- _THE PROBLEM_
Restate, exactly as written, the entries below from the line that holds "A CCTV camera" through the line that holds "尘螨容易在有毛的动物身上繁殖". Pictures are not part of the copy.

- _DATASET EXCERPTS_
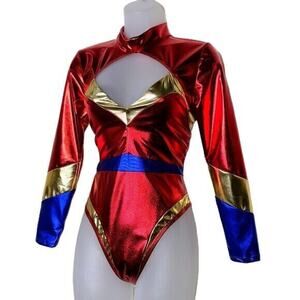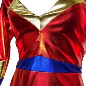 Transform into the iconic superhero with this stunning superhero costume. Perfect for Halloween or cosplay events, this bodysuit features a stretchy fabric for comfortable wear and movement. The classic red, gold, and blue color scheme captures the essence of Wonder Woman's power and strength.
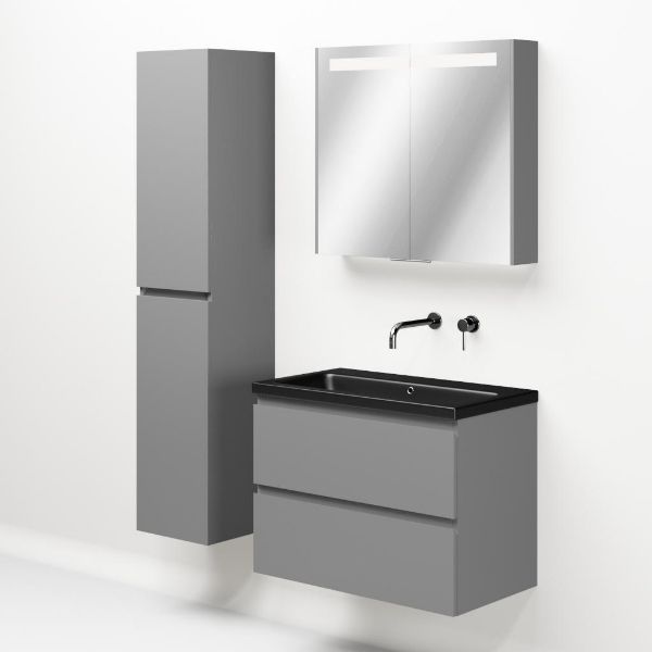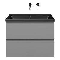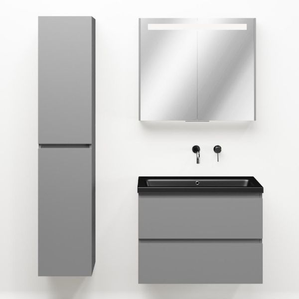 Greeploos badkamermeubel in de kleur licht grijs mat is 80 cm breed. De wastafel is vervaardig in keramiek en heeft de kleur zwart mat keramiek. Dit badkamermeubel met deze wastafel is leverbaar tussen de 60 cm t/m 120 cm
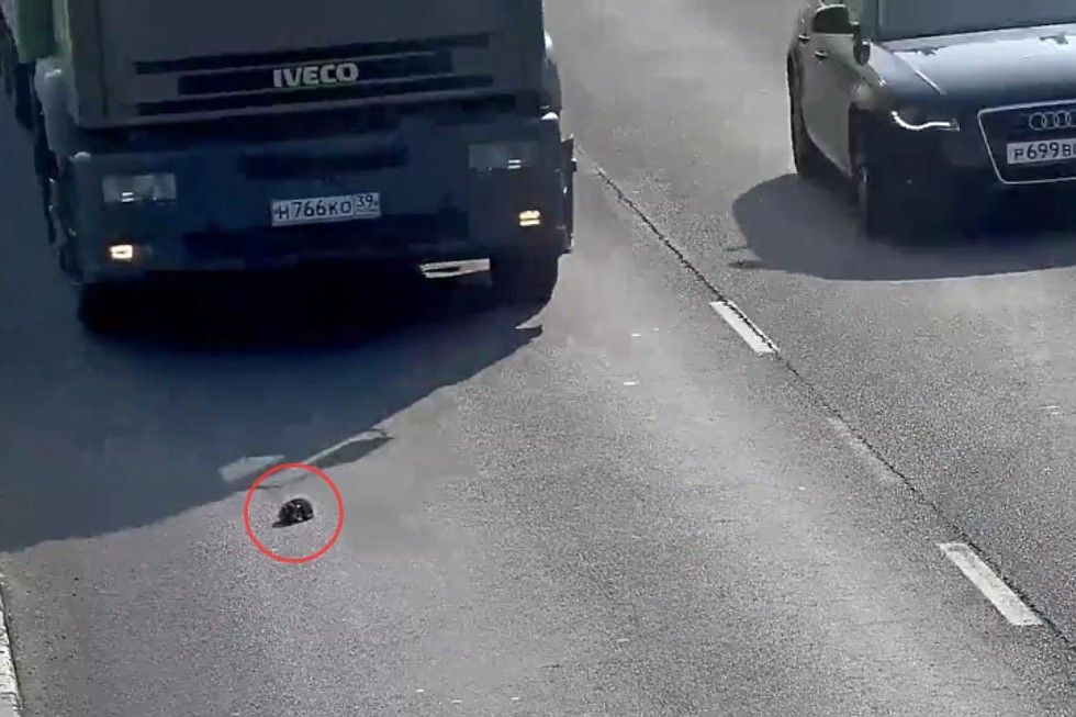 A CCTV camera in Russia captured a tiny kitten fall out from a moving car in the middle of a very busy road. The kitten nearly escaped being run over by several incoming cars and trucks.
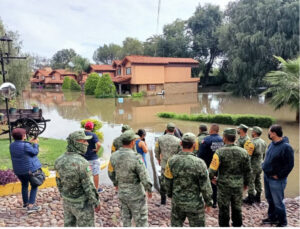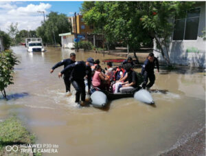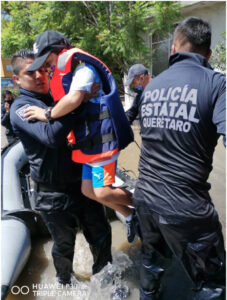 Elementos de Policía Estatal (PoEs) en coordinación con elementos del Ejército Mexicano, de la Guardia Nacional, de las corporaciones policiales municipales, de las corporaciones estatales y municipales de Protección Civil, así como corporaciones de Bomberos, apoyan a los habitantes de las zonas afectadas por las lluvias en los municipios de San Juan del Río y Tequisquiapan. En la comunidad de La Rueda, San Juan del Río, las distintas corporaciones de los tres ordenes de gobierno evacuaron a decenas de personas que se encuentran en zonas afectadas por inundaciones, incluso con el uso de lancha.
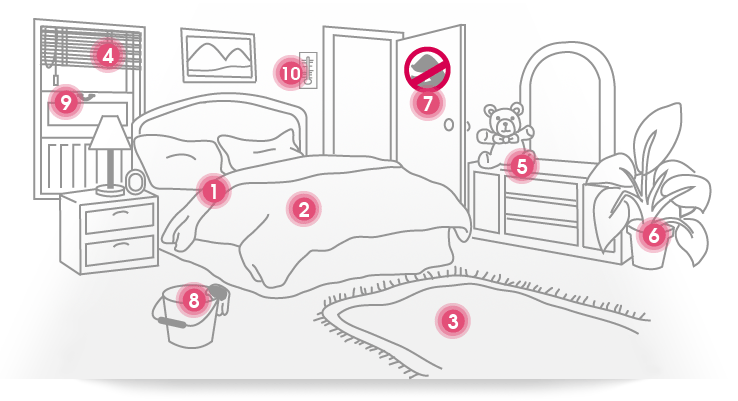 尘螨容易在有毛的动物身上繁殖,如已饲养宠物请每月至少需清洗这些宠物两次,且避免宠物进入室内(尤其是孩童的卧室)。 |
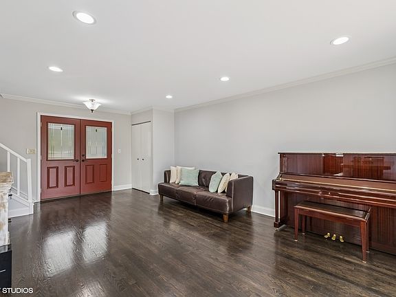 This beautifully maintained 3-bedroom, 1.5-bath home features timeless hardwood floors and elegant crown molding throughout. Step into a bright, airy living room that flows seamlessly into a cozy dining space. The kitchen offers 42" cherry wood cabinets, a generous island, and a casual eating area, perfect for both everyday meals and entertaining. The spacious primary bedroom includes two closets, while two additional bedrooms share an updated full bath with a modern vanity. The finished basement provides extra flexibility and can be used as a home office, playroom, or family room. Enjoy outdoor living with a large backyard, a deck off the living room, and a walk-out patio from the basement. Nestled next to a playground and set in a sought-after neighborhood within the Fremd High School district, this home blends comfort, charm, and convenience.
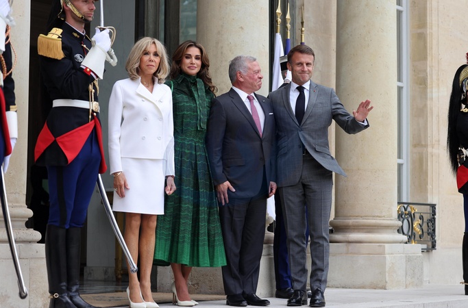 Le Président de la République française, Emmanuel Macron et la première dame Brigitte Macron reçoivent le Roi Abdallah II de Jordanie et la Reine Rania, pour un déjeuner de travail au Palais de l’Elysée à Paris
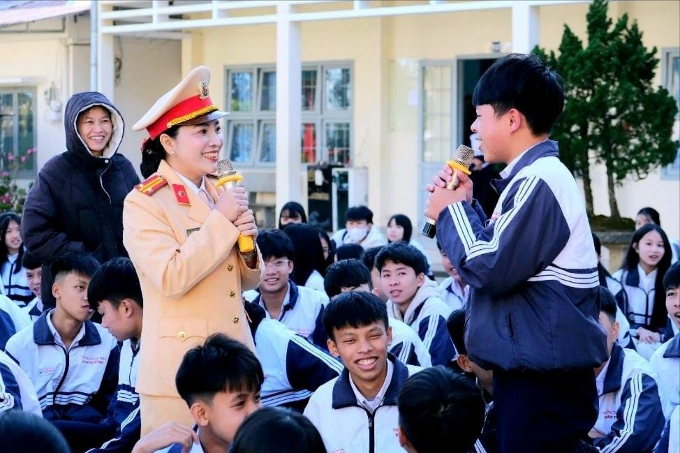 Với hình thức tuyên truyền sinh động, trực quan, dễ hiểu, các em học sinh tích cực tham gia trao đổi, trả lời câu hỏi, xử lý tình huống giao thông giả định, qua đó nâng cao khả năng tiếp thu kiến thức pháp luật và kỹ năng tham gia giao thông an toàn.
...
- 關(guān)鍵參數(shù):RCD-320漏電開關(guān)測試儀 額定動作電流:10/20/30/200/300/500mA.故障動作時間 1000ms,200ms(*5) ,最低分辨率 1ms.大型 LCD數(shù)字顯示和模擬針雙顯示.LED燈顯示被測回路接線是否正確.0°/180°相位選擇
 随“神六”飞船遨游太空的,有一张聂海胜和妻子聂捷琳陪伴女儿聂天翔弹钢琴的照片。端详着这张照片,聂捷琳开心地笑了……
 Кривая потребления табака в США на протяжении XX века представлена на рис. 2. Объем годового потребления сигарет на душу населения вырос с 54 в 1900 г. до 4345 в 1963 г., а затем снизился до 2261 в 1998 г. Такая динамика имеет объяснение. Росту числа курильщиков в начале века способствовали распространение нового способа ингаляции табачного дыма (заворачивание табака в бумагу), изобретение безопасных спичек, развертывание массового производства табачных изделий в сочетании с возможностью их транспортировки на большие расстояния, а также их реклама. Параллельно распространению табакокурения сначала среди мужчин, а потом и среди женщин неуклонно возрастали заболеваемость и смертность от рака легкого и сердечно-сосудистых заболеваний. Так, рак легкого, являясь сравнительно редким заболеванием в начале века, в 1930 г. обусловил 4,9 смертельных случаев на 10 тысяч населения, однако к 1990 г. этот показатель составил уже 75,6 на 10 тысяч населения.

- _RESULT BELOW_
 A CCTV camera in Russia captured a tiny kitten fall out from a moving car in the middle of a very busy road. The kitten nearly escaped being run over by several incoming cars and trucks.
 Elementos de Policía Estatal (PoEs) en coordinación con elementos del Ejército Mexicano, de la Guardia Nacional, de las corporaciones policiales municipales, de las corporaciones estatales y municipales de Protección Civil, así como corporaciones de Bomberos, apoyan a los habitantes de las zonas afectadas por las lluvias en los municipios de San Juan del Río y Tequisquiapan. En la comunidad de La Rueda, San Juan del Río, las distintas corporaciones de los tres ordenes de gobierno evacuaron a decenas de personas que se encuentran en zonas afectadas por inundaciones, incluso con el uso de lancha.
 尘螨容易在有毛的动物身上繁殖,如已饲养宠物请每月至少需清洗这些宠物两次,且避免宠物进入室内(尤其是孩童的卧室)。 |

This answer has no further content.